If you find yourself sleeping better in hotels or on the couch than in your own bed, it’s usually a good indication that you should consider buying a new mattress.

Aches and pains
A stiff or aching body in the morning is a common indicator that your mattress has passed its use-by date. If you regularly wake with hip, lower back or neck pain that gets better throughout the day, your mattress may be the problem.

Some mattresses naturally become softer and less supportive with age, whereas some get firmer. Either way, over time they lose their ability to support your body’s natural alignment.

All too often we fail to notice this gradual deterioration, which can develop long before you see any outward signs of wear and tear on your mattress.

Smells and stains
Your mattress shouldn’t really smell like anything once that ‘new’ smell has faded. If you find yourself wondering what that smell is when you slip into bed, it may be time to switch things up.

Mattresses are porous and, even if you use a protector, over time it will absorb moisture such as sweat and spills. Together with accumulations of dust, hair and skin, this can make older mattresses the perfect breeding ground for mould, mildew, bacteria and dust mites.

A damp, musty or unpleasant smell or visible stains and discolouration can be warning signs that you need to replace your mattress.

Sags, lumps and tears
If you’re struggling to get vertical in the mornings, your mattress may be sagging in the middle or at the edges.

Mattresses tend to disintegrate under the most heavily used areas, layers of foam compress and springs lose their elasticity with consistent use. The result is a loss of firmness and support in your favourite spot.

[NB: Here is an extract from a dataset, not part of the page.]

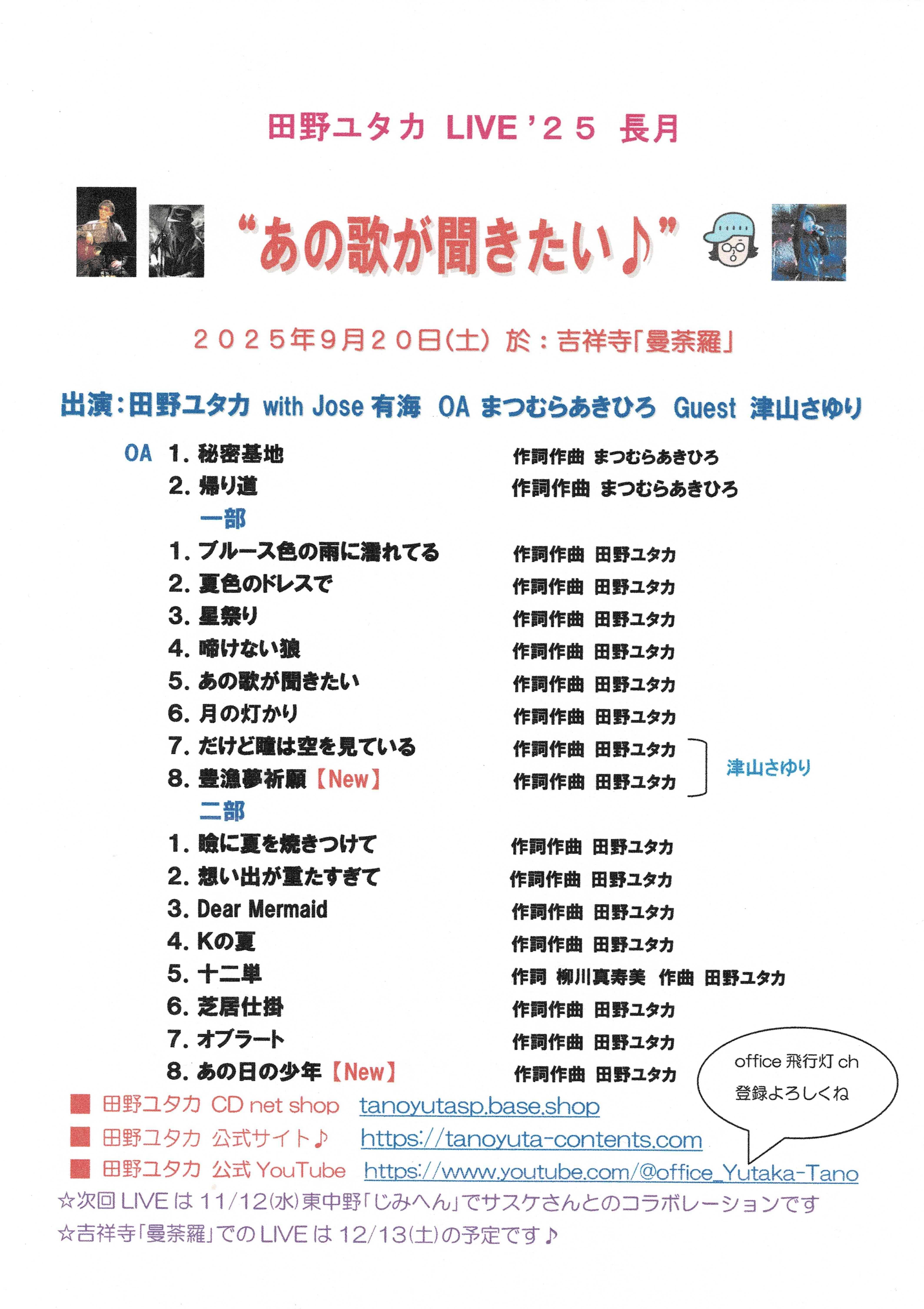 ゲストの津山さゆりさんは9/13にAlbumを発売し、田野は内3曲を提供しています。その他リリースを目指してお祭り演歌を1曲提供!

Mr Zaluzny advises rotating your mattress regularly to minimise this happening. “Most manufacturers recommend you rotate a spring mattress every three to six months,” he says. “Foam mattresses only need to be rotated once every six months.”

The internal padding can also tear and shift around, causing uncomfortable lumps and craters. Problems like this typically mean your mattress has reached the end of its useful life.

You’re disturbing your partner
If your other half gets jolted awake every time you shift position, it’s probably time to invest in a new mattress. This issue can apply if you sleep alone, too. A mattress that bounces considerably whenever you roll over is probably better at the recycling centre.

Firmer mattresses with less bounce mean a better night’s sleep for everyone.

It can be a tough call to make; a mattress is a big purchase and sometimes a confusing one. It often takes a lot of research before you’re ready to commit to something you’ll spend eight hours a day on. But if you found yourself nodding along as you were reading, it may be time to take the plunge.

Do you know how old your mattress is? Have you found the perfect mattress for you? What mattress do you use?